> _What is being asked_
Please write out all of the entries beneath this line exactly, skipping the pictures.

> _The records_

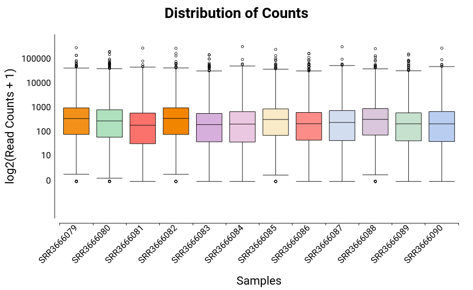 Box plot that allows seeing how counts are distributed within each sample for all the features (Figure 9). Features with 0 counts in all samples will be discarded for this chart. The binary logarithm of raw counts is represented.
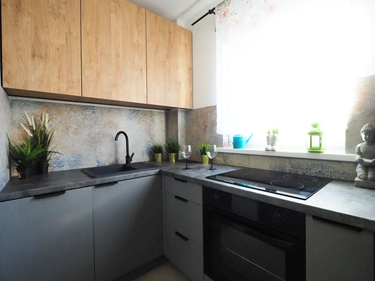 W kuchni zabudowa kuchenna z całym sprzętem AGD - na gwarancji. Jest tutaj zmywarka, piekarnik, płyta indukcyjna oraz lodówka.
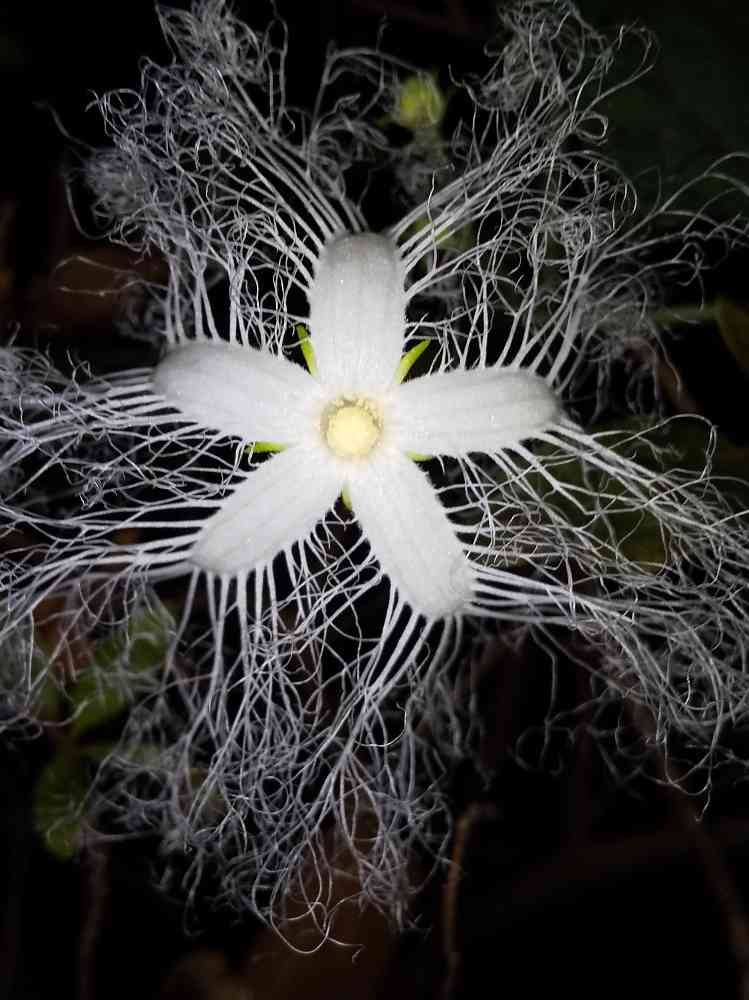 たくさんの白い糸が踊っているような姿も素敵ですが、真ん中の花粉?の黄色も素敵なカラスウリの雄花です。
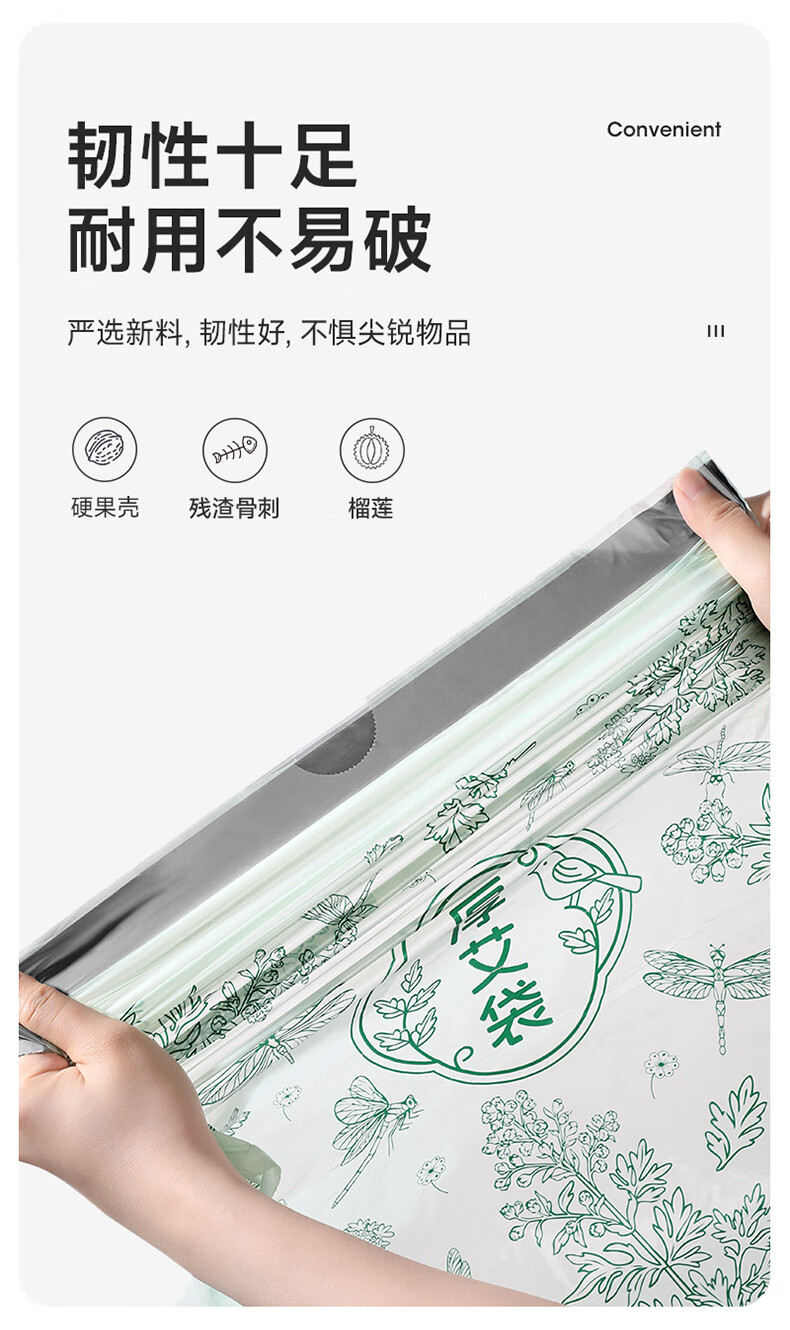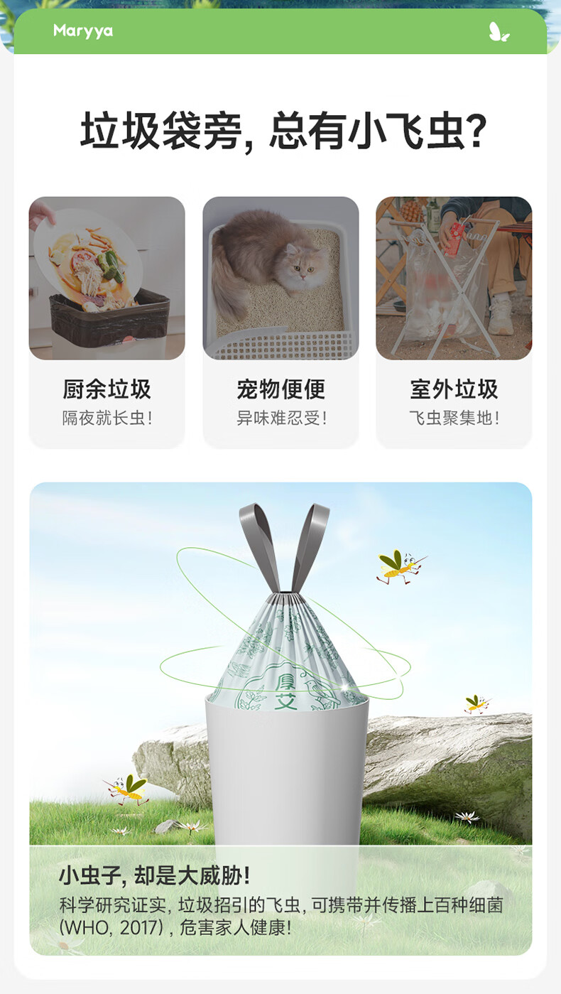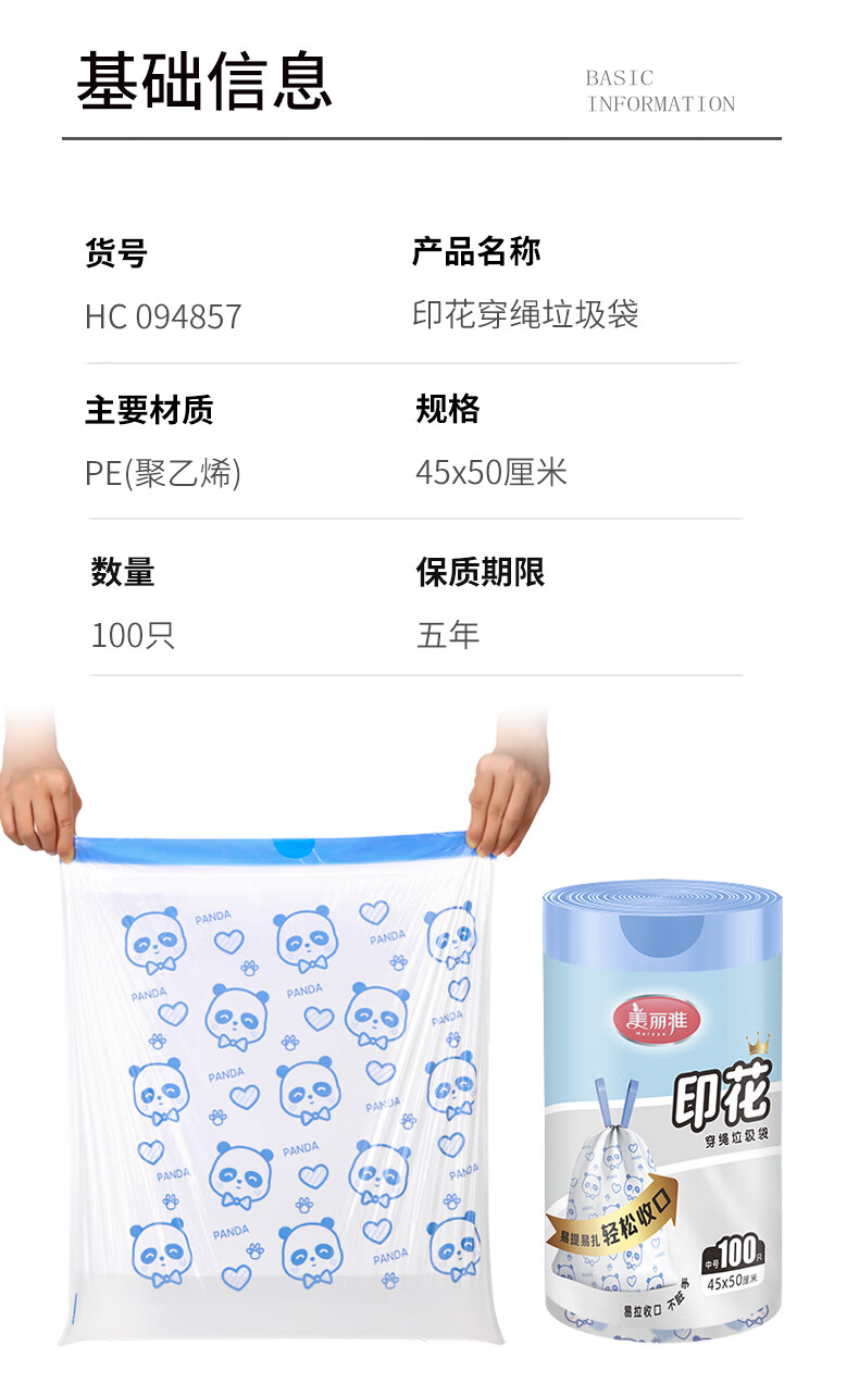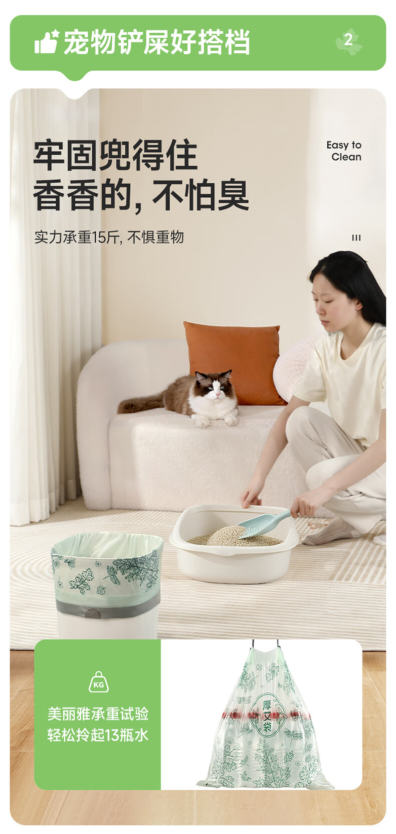 美丽雅(MARYYA)【任嘉伦同款】穿绳垃圾袋 手提式家用一次性抽绳塑料垃圾袋 【1.2丝】艾草垃圾袋45*50cm*100只
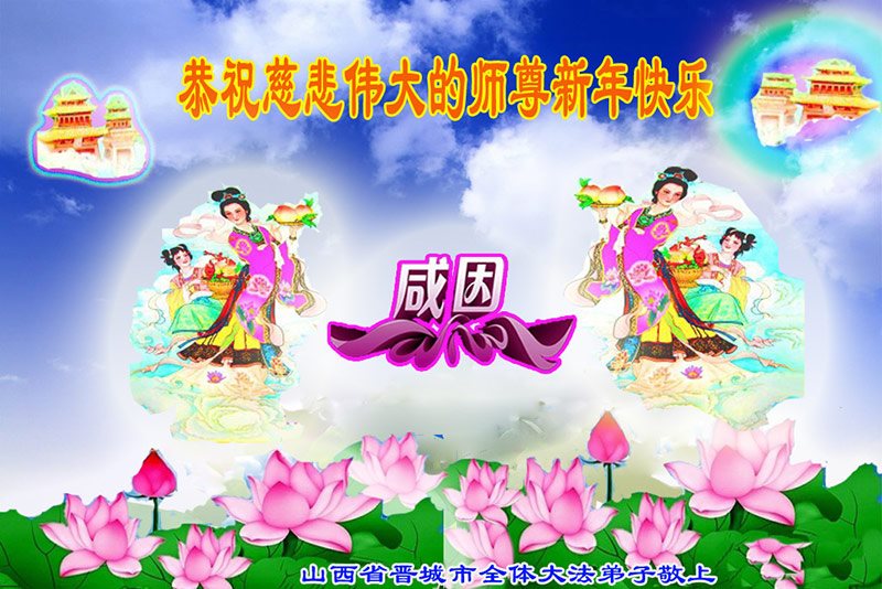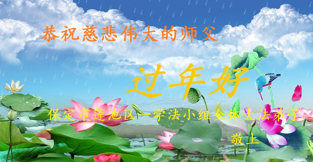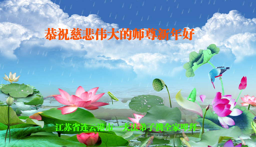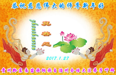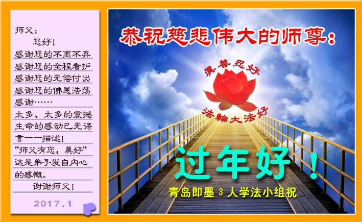 师父新年好!在师父的慈悲看护下,我们的资料点一直在发挥应有的作用,我们知道,我们能做好的每一件事情都是在师父的慈悲看护下完成的。对师父崇敬的心是用人类最美好的语言也无法表达完整的。在此新年到来之际,我们全体大法弟子用修炼人最纯净的心向师父问好!祝愿我们慈悲伟大的师父新年快乐!

> _Result for this task_
 Box plot that allows seeing how counts are distributed within each sample for all the features (Figure 9). Features with 0 counts in all samples will be discarded for this chart. The binary logarithm of raw counts is represented.
 W kuchni zabudowa kuchenna z całym sprzętem AGD - na gwarancji. Jest tutaj zmywarka, piekarnik, płyta indukcyjna oraz lodówka.
 たくさんの白い糸が踊っているような姿も素敵ですが、真ん中の花粉?の黄色も素敵なカラスウリの雄花です。
 美丽雅(MARYYA)【任嘉伦同款】穿绳垃圾袋 手提式家用一次性抽绳塑料垃圾袋 【1.2丝】艾草垃圾袋45*50cm*100只
 师父新年好!在师父的慈悲看护下,我们的资料点一直在发挥应有的作用,我们知道,我们能做好的每一件事情都是在师父的慈悲看护下完成的。对师父崇敬的心是用人类最美好的语言也无法表达完整的。在此新年到来之际,我们全体大法弟子用修炼人最纯净的心向师父问好!祝愿我们慈悲伟大的师父新年快乐!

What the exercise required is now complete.